* **Assignment**
From the first line of the listing to the last, set down everything exactly, but skip the images.

* **Provided data**
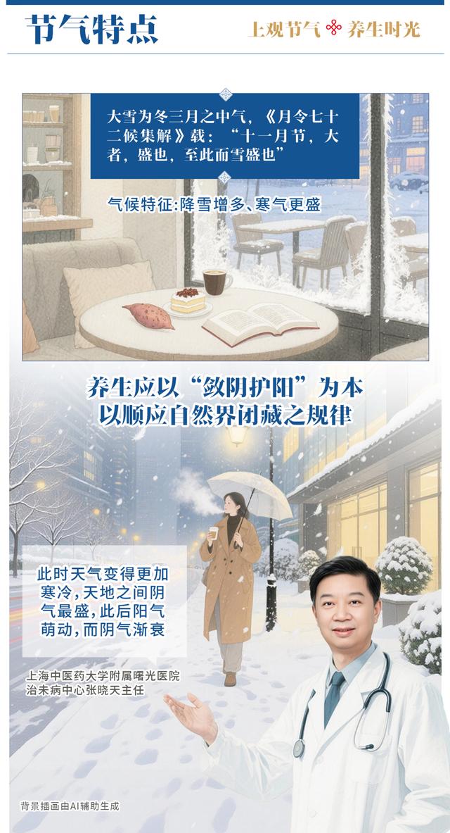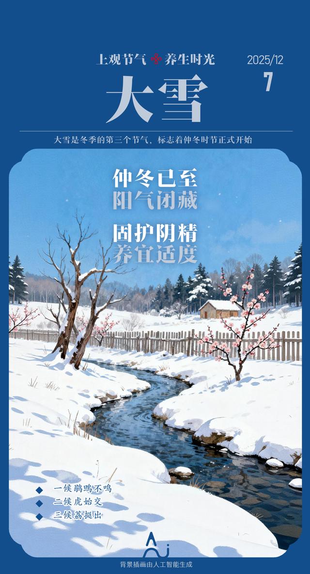 大雪为冬三月之中气,《月令七十二候集解》载:“十一月节,大者,盛也,至此而雪盛也”,点明其降雪增多、寒气更盛的气候特征,中医经典则围绕“阳气闭藏”核心,阐述其养生要义。
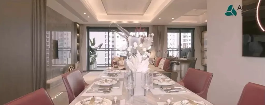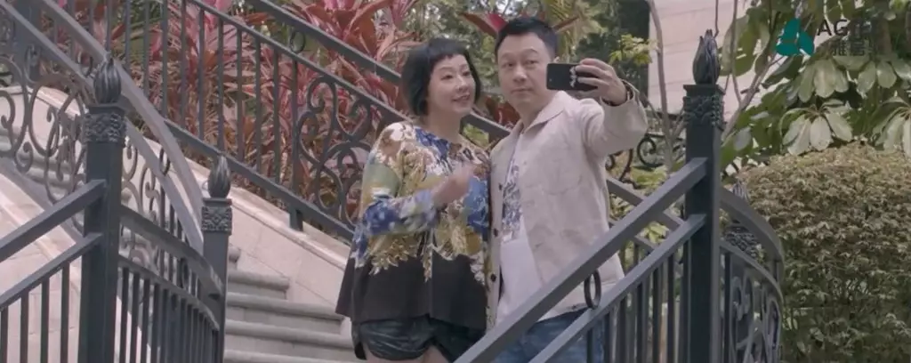片中三人在客廳閒談,可見相當闊落,除能擺放一張L型梳化外,還設有一張單人椅及雲石茶几,牆邊設有一排長櫃,裝修極具氣派。客廳的落地大玻璃令全屋採光度十足,露台則擺放了不少植物,還設有戶外傢具,閒時可以邊喝茶邊遠眺戶外景色,相當寫意。
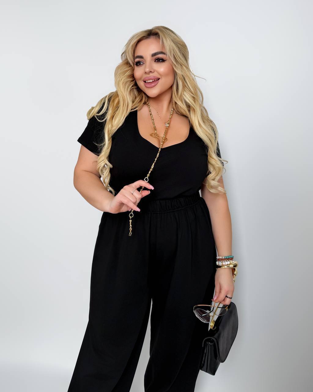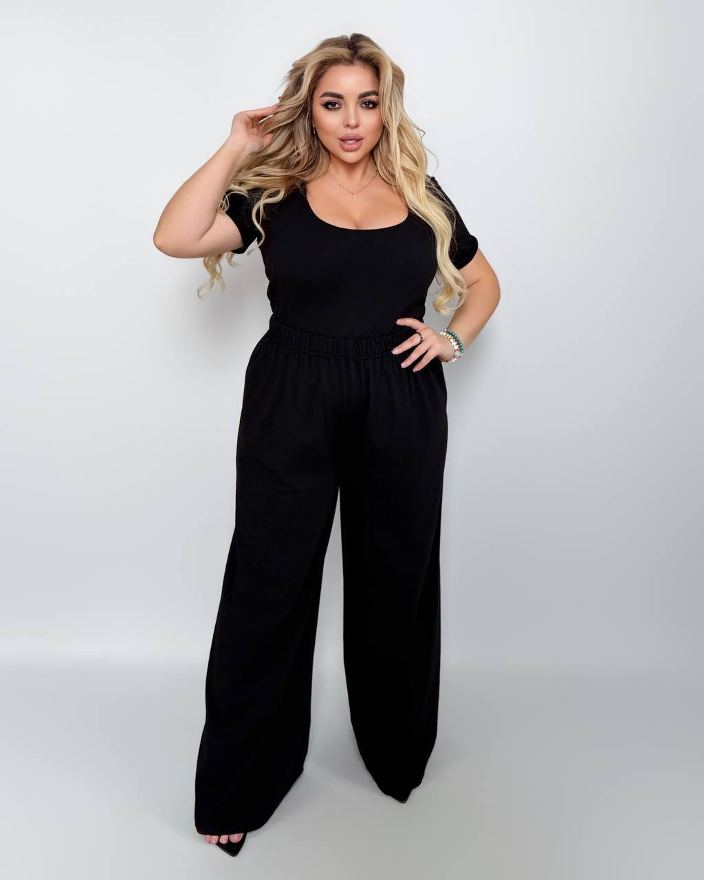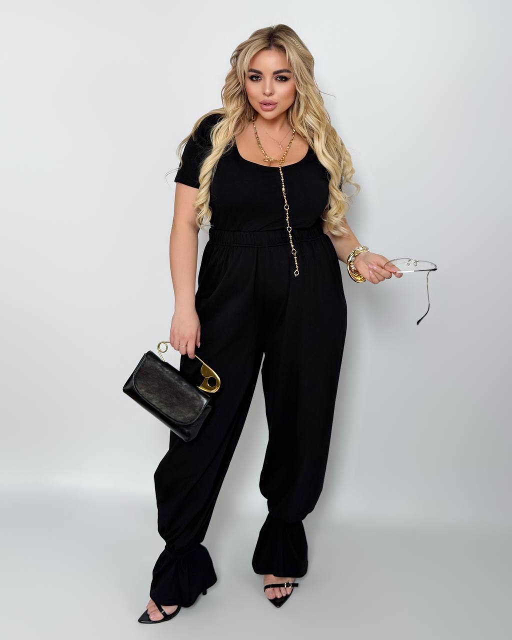 Изюминка костюма: в комплекте две резинки из ткани костюма, которые можно надевать на низ широких брючин и создавать различные образы: брюки Аладина и Палацо. Или завязать хвост на голове.
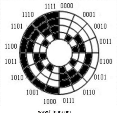 下圖是二進位的編碼盤,圖中空白或透明的部分是用「0」來表示;黑色的部分是用「1」來表示。通常將最高位元為最外側,最低位元以最內側表示,因此就可形成四位的二進制碼,如0000、0001…1111。當轉動到不特定的角度位置時,光源打到編碼盤所透射入光感應器的遮蔽現象,從而輸出高低電位獲得轉盤相對位置訊息。

* **Exercise response**
 大雪为冬三月之中气,《月令七十二候集解》载:“十一月节,大者,盛也,至此而雪盛也”,点明其降雪增多、寒气更盛的气候特征,中医经典则围绕“阳气闭藏”核心,阐述其养生要义。
片中三人在客廳閒談,可見相當闊落,除能擺放一張L型梳化外,還設有一張單人椅及雲石茶几,牆邊設有一排長櫃,裝修極具氣派。客廳的落地大玻璃令全屋採光度十足,露台則擺放了不少植物,還設有戶外傢具,閒時可以邊喝茶邊遠眺戶外景色,相當寫意。
 Изюминка костюма: в комплекте две резинки из ткани костюма, которые можно надевать на низ широких брючин и создавать различные образы: брюки Аладина и Палацо. Или завязать хвост на голове.
 下圖是二進位的編碼盤,圖中空白或透明的部分是用「0」來表示;黑色的部分是用「1」來表示。通常將最高位元為最外側,最低位元以最內側表示,因此就可形成四位的二進制碼,如0000、0001…1111。當轉動到不特定的角度位置時,光源打到編碼盤所透射入光感應器的遮蔽現象,從而輸出高低電位獲得轉盤相對位置訊息。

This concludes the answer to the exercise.